Wedle oskarżycieli właściciel UFC przede wszystkim prowadzi praktyki monopolistyczne w celu niszczenia konkurencji oraz ograniczenia zarobków zawodników. Zawodnicy podkreślają, że organizacja zabrania im współpracy z innymi promotorami MMA, czerpie zyski z zawodniczych umów i ogranicza fighterom możliwość zarabiania. Dodatkowo całą sytuację podgrzewa umowa z Reebokiem. Od czerwca 2015 roku  wszyscy zawodnicy będą zobowiązani występować w strojach tej firmy, ale wiąże się to z dodatkowymi obostrzeniami. Kontrakt wart jest 70 milionów dolarów, środki mają być rozwiązane między fighterów, ale… Właśnie jest pewne ale. Zawodnicy nie mogą eksponować podczas gal logotypów swoich sponsorów indywidualnych.

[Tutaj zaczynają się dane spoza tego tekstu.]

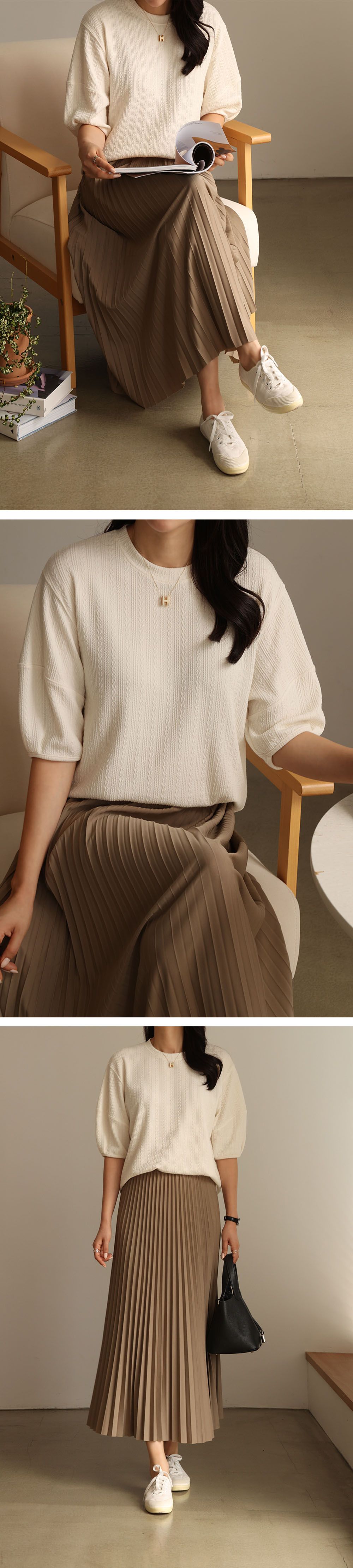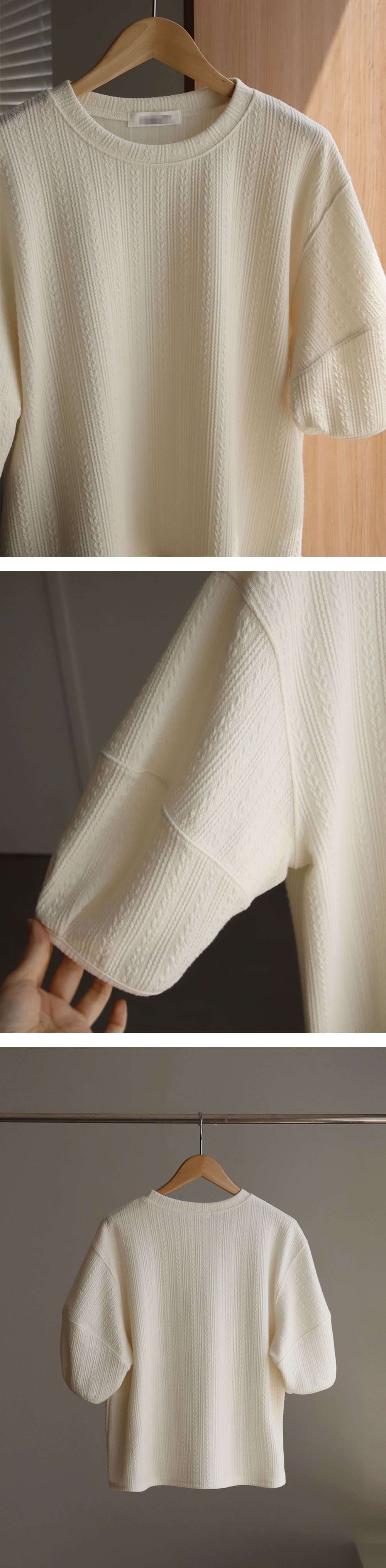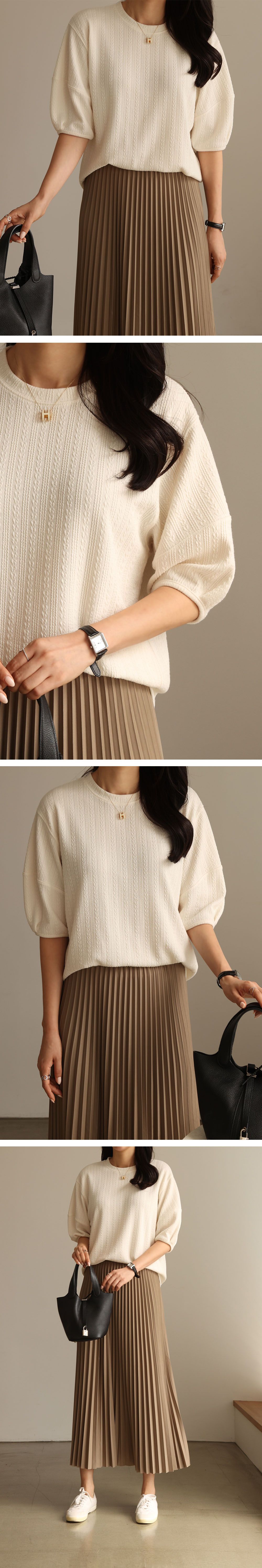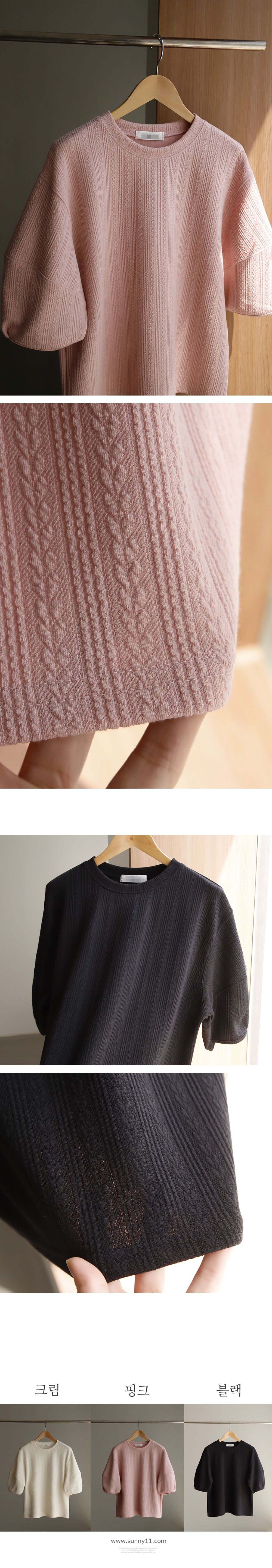 【C55627】韓國S11 立體雕花上衣-圓領素面麻花針織造型澎澎袖五分袖

Dodatkowo, zarobki zawodników spadają. W porównaniu z poprzednim rokiem dochód spadł przeciętnie o 15 tysięcy dolarów. De facto do kieszeni zawodników trafiają kwoty zdecydowanie niższe niż te, które fighterzy mogliby otrzymać funkcjonując na wolnorynkowych zasadach. Pełnomocnicy zawodników, którzy złożyli pozew podkreślają, że ich klienci zarabiają zdecydowanie mniej niż powinni. Ryzyko występów w MMA jest ogromne. Zawodnicy powinni współmiernie partycypować w zyskach organizacji, jednakże właściciel UFC jest innego zdania.

Pewne jest, że sprawa tak szybko nie znajdzie rozwiązania. Pozywający podkreślają, iż są przygotowani na długą batalię sądową. Podobne sprawy mogą trwać nawet pięć lat i być bardzo kosztowne. Obie strony wysuwają przeciw sobie najcięższe działa. Zawodników reprezentować będzie m.in. Cohen Milstein Law Firm, która wynegocjowała 450 milionów dolarów za ugodę w głośnym procesie przeciw Apple. Po stronie UFC pracować będą firmy Boies, Schiller i Flexner LPP.

Zapowiada się długa batalia, jednakże doniesienia na temat praktyk stosowanych przez UFC mogą mieć silny wpływ na odbiór organizacji przez społeczeństwo. Czy tak będzie? Być może UFC zastosuje określone zabiegi marketingowe, aby nie stracić ogromnych pieniędzy. Tak naprawdę, do czasu wyroków sądu sprawa jest otwarta. Zawodnicy walczą o siebie, pieniądze i prawo do godności. UFC zdobyła na rynku wiodącą pozycję w dużej mierze dzięki klasowym zawodnikom. Wydaje się naturalne, że wdzięczność jest czymś normalnym. Bo z niewolnika nie ma pracownika. Zawodnicy walczą o swoje. Problem w tym, że UFC też. W tym sporze to organizacja może stracić więcej. Prawdziwa wojna na szczycie.